One of the more controversial proposals by the committee is a new right for the accepting stockholders to revoke their acceptances for a period limited to three trading days after a competing offer is made and disclosed, provided this occurs during the offer period for the original (first) offer. It remains to be seen if this proposal will be upheld by the ministry that is currently reviewing the committee’s proposal.
It is currently unclear when the Parliament can be expected to adopt these amendments into Norwegian legislation. We do not expect the proposed changes to be implemented until 2023 at the earliest.
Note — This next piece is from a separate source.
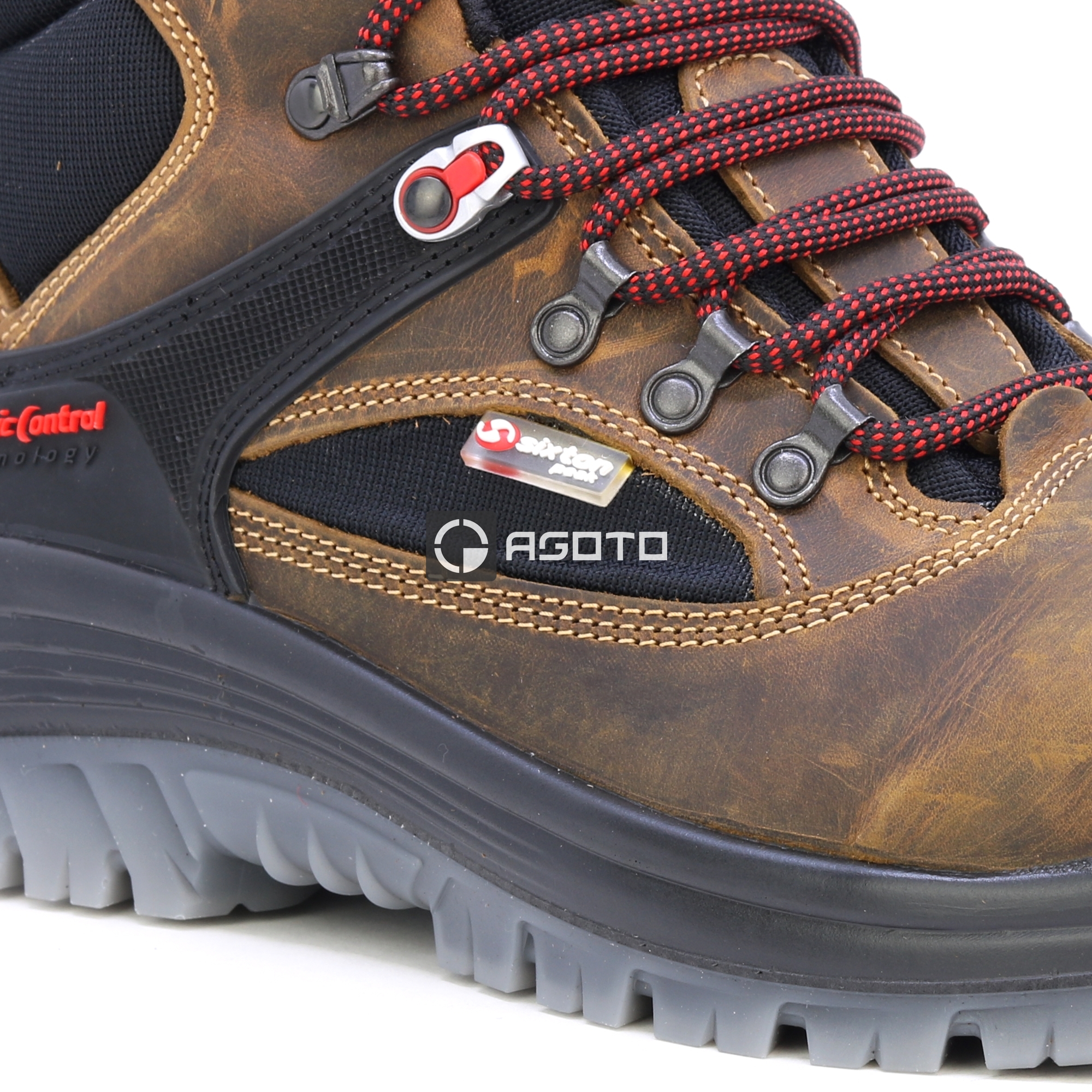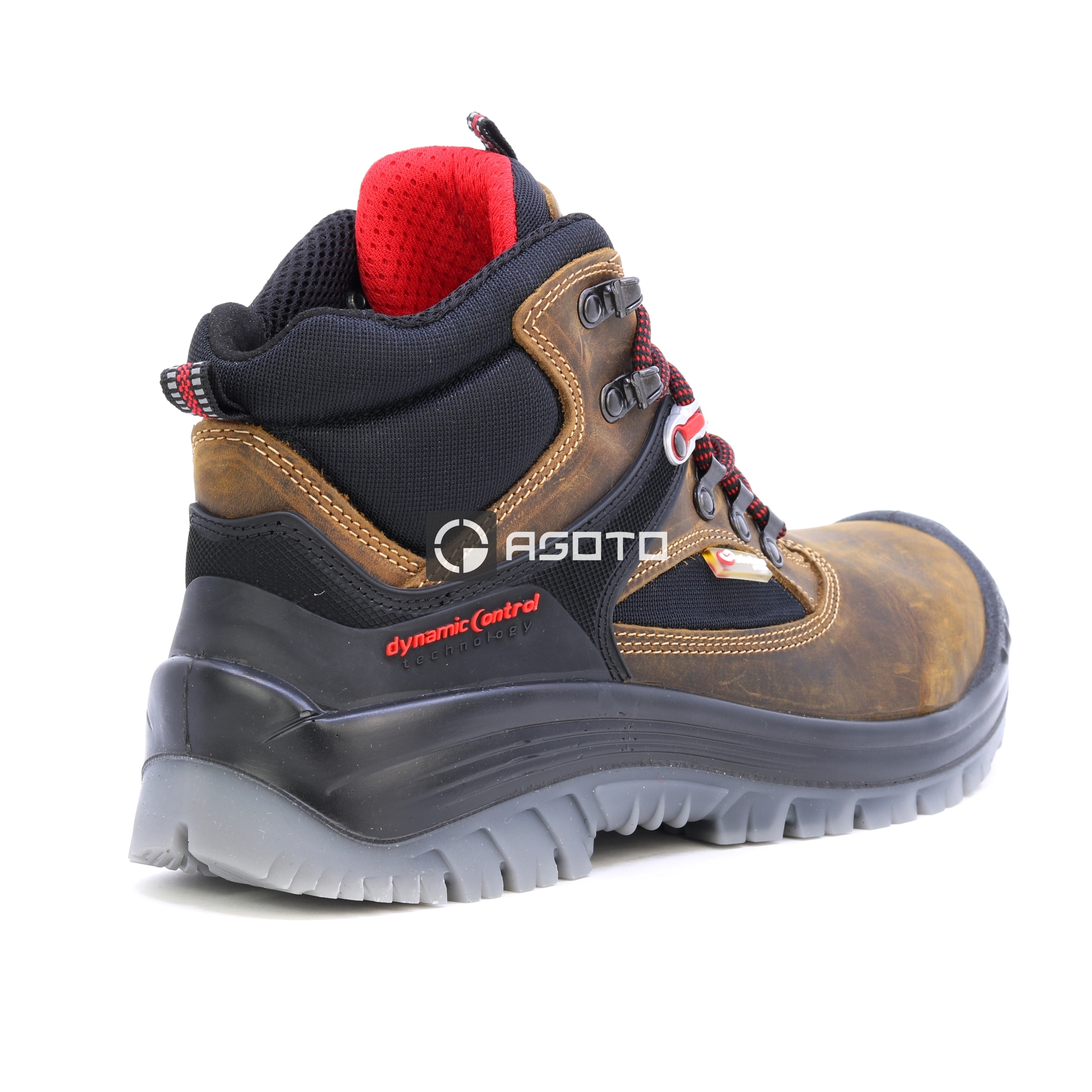 Skórzane buty robocze włoskiej marki Peak o stopniu ochrony S3 zostały zaprojektowane tak, aby sprostać najbardziej rygorystycznym wymaganiom stawianym obuwiu ochronnemu. Czoło buta zawiera kompozytowy podnosek z wkładką kevlarową, zapewniający skuteczną ochronę przed uderzeniami mechanicznymi. Zaletą kompozytowego podnoska jest właściwość zapobiegająca przegrzewaniu się w miesiącach letnich, a jednocześnie utrzymanie komfortu termicznego w chłodne dni. Cholewka buta jest wykonana z wysokiej jakości licowej skóry. Wnętrze obuwia jest wyposażone w oddychającą tkaninę, która umożliwia swobodne oddychanie stopy przy wysokim obciążeniu pracy. Podeszwa jest wykonana z antystatycznego i olejoodpornego materiału. Robocze obuwie Peak sprawi radość klientom poszukującym przede wszystkim jakości i komfortu w obuwiu. Elektrostatyczna obróbka ESD zapewnia ochronę podczas pracy w zakładach z możliwością wystąpienia wyładowań elektrostatycznych. Podeszwa HRO wykonana jest z antystatycznego i olejoodpornego materiału i jest odporna na kontaktowe ciepło. EN ISO 20345 - OBUWIE OCHRONNE.

However, earlier in 2020 the Ministry issued a bill and a draft resolution to Parliament in which the Ministry follows up on the committee’s proposal for a regulation setting out rules for calculating the offer price in cases where there is a need for an exception from the above main rule or where it is not possible or reasonable to use the main rule for calculating the offer price. At the same time, it resolved to repeal the ‘market-pricing’ alternative with a more balanced rule set out in a separate regulation. However, the repeal of the market-pricing alternative has not yet entered into force. Due to the COVID-19 pandemic, a temporary regulation for calculating the offer price was implemented with effect from 20 May 2020, now expiring on 1 January 2023.
In October 2021 the of Justice and Public Security and the Ministry of Défense published a joint consultative paper proposing certain amendments to the Norwegian National Security Act. The Ministry now proposes to broaden the scope of the ownership control provisions by, inter alia, introducing a notification obligation for acquisitions of qualified ownership interests in suppliers with facility security clearance, as well as proposing to lower the threshold for the notification obligation from 1/3 of the shares/interests or votes in an undertaking to 10%. In addition, the Ministry proposes an automatic implementation ban of acquisitions that is subject to notification. The proposed ban shall be in effect from the time the notification is sent until the relevant ministry informs the notifying party that the transaction has been approved or that the matter has been considered by the King in Council.